----- Available data

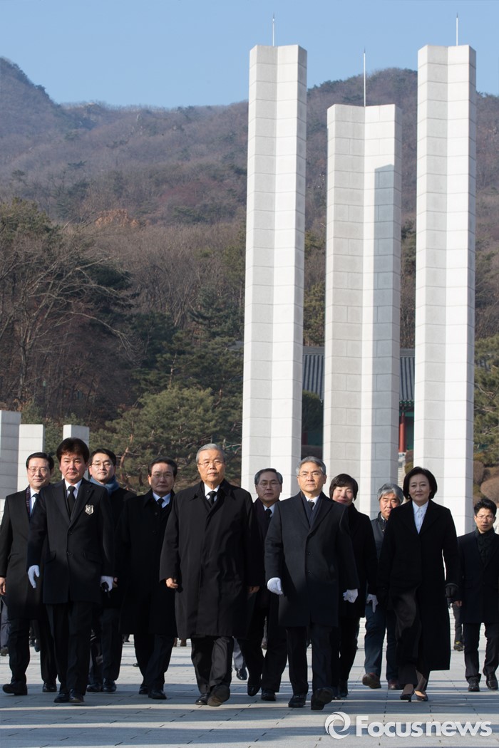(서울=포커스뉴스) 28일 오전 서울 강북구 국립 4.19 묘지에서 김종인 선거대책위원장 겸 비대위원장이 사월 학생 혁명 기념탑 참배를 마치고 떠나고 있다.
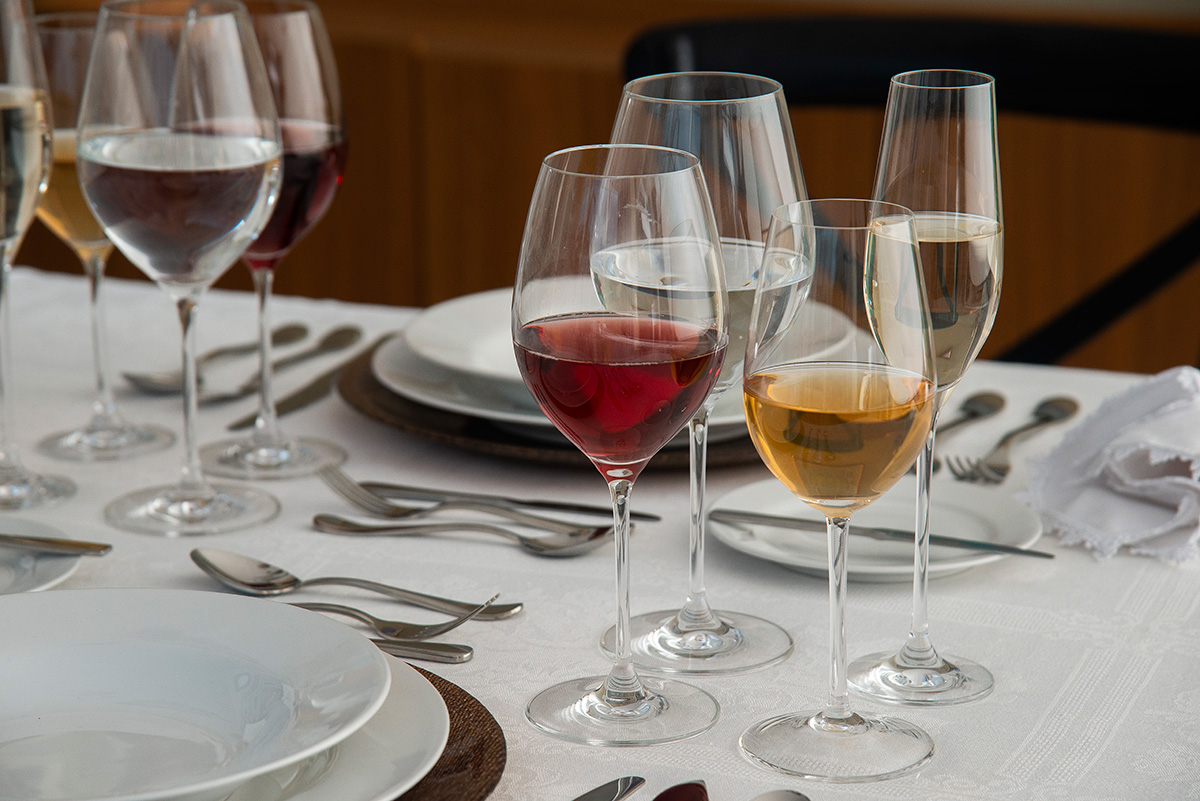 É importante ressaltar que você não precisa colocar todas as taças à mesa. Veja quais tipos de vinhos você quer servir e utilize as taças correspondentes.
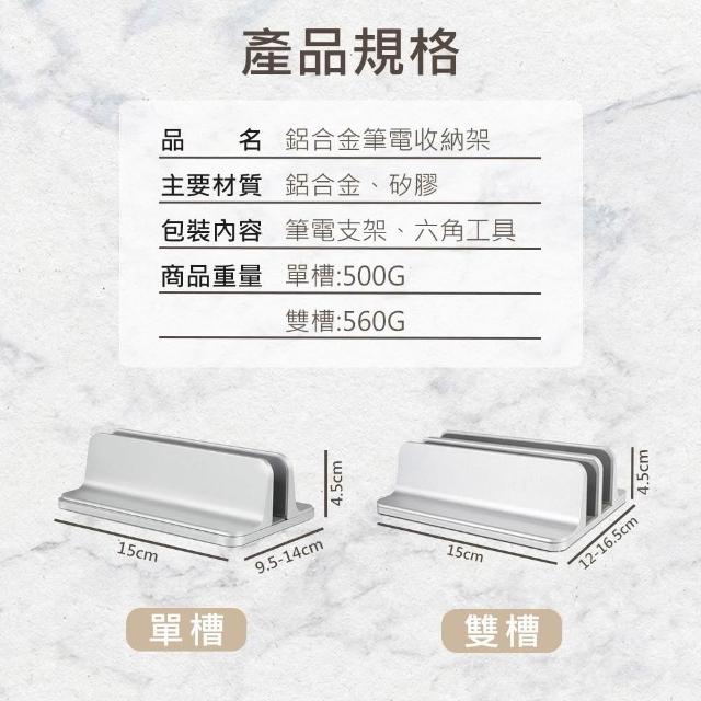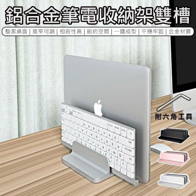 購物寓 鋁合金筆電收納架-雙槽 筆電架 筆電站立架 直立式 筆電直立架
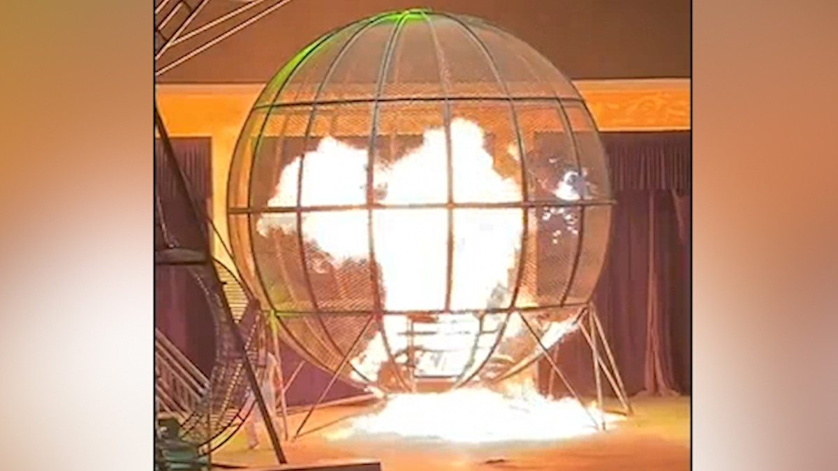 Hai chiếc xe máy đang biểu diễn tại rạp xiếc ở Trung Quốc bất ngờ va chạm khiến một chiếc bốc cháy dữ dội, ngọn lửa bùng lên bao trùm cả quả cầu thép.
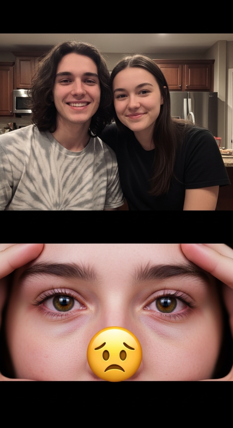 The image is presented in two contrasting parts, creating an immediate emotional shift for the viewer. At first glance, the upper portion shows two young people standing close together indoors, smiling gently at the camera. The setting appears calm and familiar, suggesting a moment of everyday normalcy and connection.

----------

• [Exercise prompt] Output nothing except the lines from the one containing "Hai chiếc xe" through the final line of the entries, repeated exactly and free of pictures.

• [Response area]
 Hai chiếc xe máy đang biểu diễn tại rạp xiếc ở Trung Quốc bất ngờ va chạm khiến một chiếc bốc cháy dữ dội, ngọn lửa bùng lên bao trùm cả quả cầu thép.
 The image is presented in two contrasting parts, creating an immediate emotional shift for the viewer. At first glance, the upper portion shows two young people standing close together indoors, smiling gently at the camera. The setting appears calm and familiar, suggesting a moment of everyday normalcy and connection.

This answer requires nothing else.